I don't just pull this stuff from my arse, I actually do know what I am talking about.
 
2011-03-03 11:53:44 PM  

Type40: Good story, these people did the right thing, one thing I don't understand is where were the paramedics? Why did it take an air abulance 96 minutes to travel 35 miles?


[Repeat of disclaimer: I'm not a doctor, paramedic, etc., and this stuff I'm less sure of than what I was writing about before.

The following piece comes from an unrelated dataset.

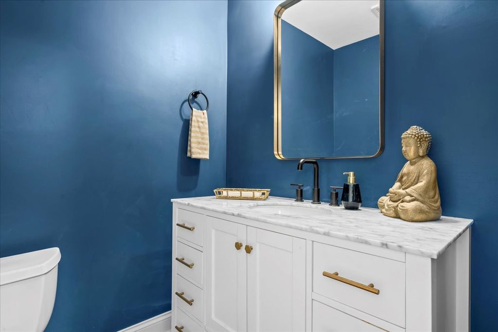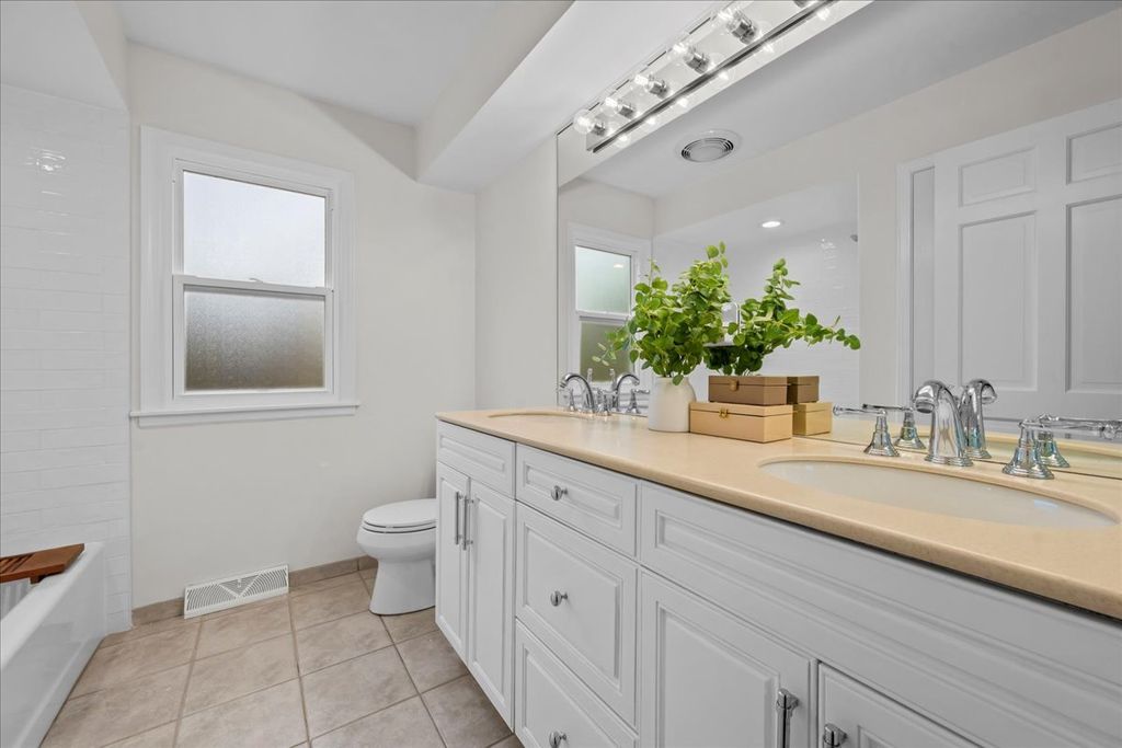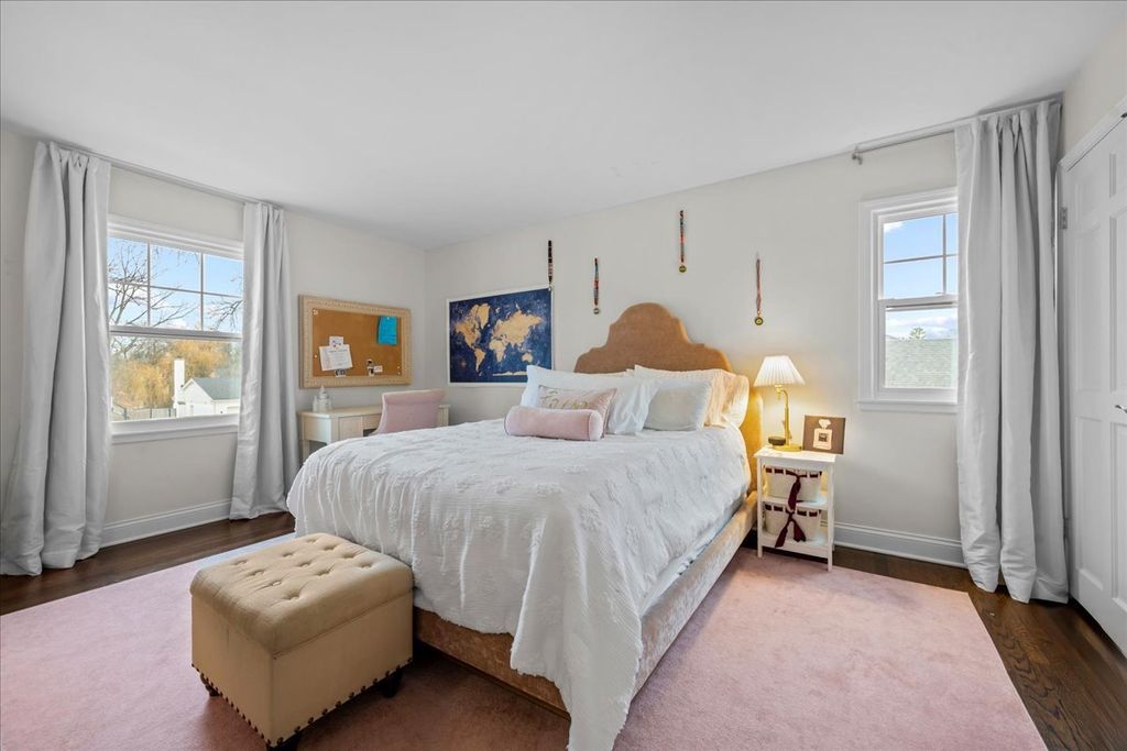 Updated largest 5 bedroom 2.5 bath Colonial model in Colony Point. Enjoy 3200 sf. of move-in ready living space, plus a finished 1,372 sf basement. Enter to a spacious foyer with bridal staircase, and an open circular floorplan perfect for easy living, and entertaining. Hardwood floors throughout first and second floors. All new windows, sliding doors, and front door let the sun in. Kitchen and family room open to a paver patio, and a beautiful, large, wooded 100 x 170 lot that backs to Brierhill Road. The private fenced yard is unique in that views are of woods and not another home. Upstairs, a fantastic primary suite, 3 other spacious bedrooms, plus a 5th bedroom/office, all with excellent storage. Kids and adults of all ages will love the fantastic basement rec-room. This updated colonial, on a beautiful, and quiet tree-lined street with sidewalks, is convenient to all transportation, shopping, recreation, and award winning schools.

This is all my understanding, so take it with a grain of salt.]

It didn't!

It's rarely the case for a non-trauma case that they'll get on-scene, dump the guy on a stretcher, dump the stretcher in their ambulance, and go. Instead, I'm pretty sure it's virtually always protocol for the paramedics to resuscitate on-scene. It's way easier to do that while sitting on solid ground than in the back of an ambulance and the decrease in resuscitation efficacy isn't worth it because I think there's very little that the ER could do that the paramedic crew can't. (Unless they, you know, run out of meds.) Way better to get the heart beating then go.

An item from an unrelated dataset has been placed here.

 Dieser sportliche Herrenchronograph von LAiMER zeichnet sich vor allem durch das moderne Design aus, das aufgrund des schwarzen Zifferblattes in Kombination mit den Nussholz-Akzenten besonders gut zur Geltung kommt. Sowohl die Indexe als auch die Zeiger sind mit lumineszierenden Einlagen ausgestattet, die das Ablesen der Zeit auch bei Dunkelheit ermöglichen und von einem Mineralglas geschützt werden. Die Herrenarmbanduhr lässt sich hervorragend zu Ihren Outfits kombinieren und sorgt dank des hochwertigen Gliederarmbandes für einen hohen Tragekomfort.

Probably the air ambulance got there after 20 minutes or something and the flight crew spent the next hour helping with the resuscitation.
 
2011-03-03 11:58:24 PM  
Can we not argue about ACLS algorithms any more? (new window)

I know that doctors are all mean, evil, thought-controlling douchebags who sacrificed between 7 and 11 years of their life so they might have a rudimentary understanding of how to give money to insurance companies and hospital administrators while being expected to work more hours than is legal, but amio is a drug which has known physical effects on heart cells. You might similarly find little randomized controlled trial evidence for the use of epinephrine (adrenalin for our friends across the pond) in anaphylaxis, so I guess we should stop using that, too.
 
X15
2011-03-04 12:03:12 AM  

feckingmorons: You do realize the AHA changes it recommendations as the science changes.


So again, tell me why the November 2010 AHA ACLS Guidelines state that there's no empirical evidence that amiodarone leads to a higher rate of survival to hospital discharge.
 
2011-03-04 12:03:24 AM  
Oh, I just thought of a question for you folks who actually do this for real:

When using an AED, while it is analyzing the rhythm, you have to stop CPR because if the patient moves it disturbs the reading. Is this true of manual defibrillators too?

If it isn't true (and a manual defibrillator can read a rhythm while CPR is in progress), do you know why an AED can't?
 
X15
2011-03-04 12:09:10 AM  

rga184: X15: ...

*sigh*

are you disputing something here?


I have to go to bed, but yes.

There's no evidence that ACLS does anything at all for cardiac arrests, none. Only expert opinion.
 
2011-03-04 12:09:46 AM  
One of the better uses of the Hero tag here of late.
 
2011-03-04 12:10:40 AM  

X15: feckingmorons: You do realize the AHA changes it recommendations as the science changes.

So again, tell me why the November 2010 AHA ACLS Guidelines state that there's no empirical evidence that amiodarone leads to a higher rate of survival to hospital discharge.


You're right it does not. I was completely wrong. I'll call the guy first thing in the morning and tell him he needs to pick out a casket because some guy on the internet who thinks he is Marcus Welby said he should be dead.

You know the AHA guidelines are not a law right. Heck you can even use medications off label, I once took an aspirin for chest pain in 1984.

Lawyers and doctors, if you ever need on Fark has plenty of people with their GED in Law and Medicine.
 
2011-03-04 12:11:44 AM  

X15: rga184: X15: ...

*sigh*

are you disputing something here?

I have to go to bed, but yes.

There's no evidence that ACLS does anything at all for cardiac arrests, none. Only expert opinion.


You are really out there. I hope nobody actually lets you touch live patients.
 
2011-03-04 12:13:43 AM  
I ain't no doctor but I would venture the theory that the freezing temperatures probably played a big role in his survival. I've been reading about how lately lowering body temperature following a heart attack or whatnot can significantly increase your survival rate by preserving vital tissues before too much damage is done.
 
2011-03-04 12:15:08 AM  

evaned: Oh, I just thought of a question for you folks who actually do this for real:

When using an AED, while it is analyzing the rhythm, you have to stop CPR because if the patient moves it disturbs the reading. Is this true of manual defibrillators too?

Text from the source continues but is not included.